Daily prayer for the needs of the world is a great place to start. Supporting the life and work of your parish, of course, is of vital importance for so many of us. Extending a hand of friendship and compassion out into the lives of our neighbors, especially those in need. Speaking truth to power in the great prophetic tradition of our faith. Caring for God’s imperiled creation. 

There are so many ways to labor fruitfully, and there is no one solution to all that we face, but neither is there any excuse to exempt ourselves from showing up some way, somehow. As the late Justice Ruth Bader Ginsburg once said, “real change, enduring change, happens one step at a time.” And so each of us has to take that step, whatever it is for us.

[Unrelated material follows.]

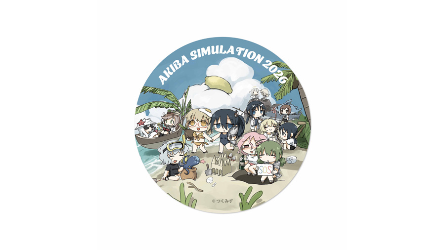 商品名:アキバ シミュレーション2026 みんな集合缶バッジ ■JAN:4570101759603 ■サイズ:約直径75mm ■素材:スチール/紙 ■価格:715円(税込) ■先行発売:2025年12月「アキバ シミュレーション 2026」物販イベントにて先行販売 ■作画:イザベラ

God is waiting for us to say yes, like our Blessed Mother Mary, to say yes to something bigger than ourselves, inviting us into the joyful, necessary labor for which we were made.  We cannot let our fear, or frustration, or bewilderment impede us from jumping in and offering what we can. Those who came before us, those who struggled valiantly to make this world a kinder, fairer place, deserve at least that much.

So I pray that the smoke will clear from the skies out west. I pray that the smoke will clear from this pandemic, and from this election season, and from any number of other challenges we are facing. But alongside God’s grace and providence, we have a crucial part to play in the healing of this age.  And we can’t wait til there are clear, sunny skies to jump in and get to work. We do not have the luxury of waiting. Our land continues to burn, and so our hearts must burn in response.

Brothers and sisters, there is no one else on earth that can do the thing you were created to do. There is no one else that can contribute what you were born to contribute.

No matter the hour of life in which you find yourself, this is the hour you are called. I know things feel hard, and scary, and exhausting, but remember: we were born, we were named as God’s beloved, we were baptized into Christ’s death and life for such a time as this. So, take a deep breath; give thanks for those who have labored before us; imagine those who will come after us; and then, here and now, let us go into the vineyard together.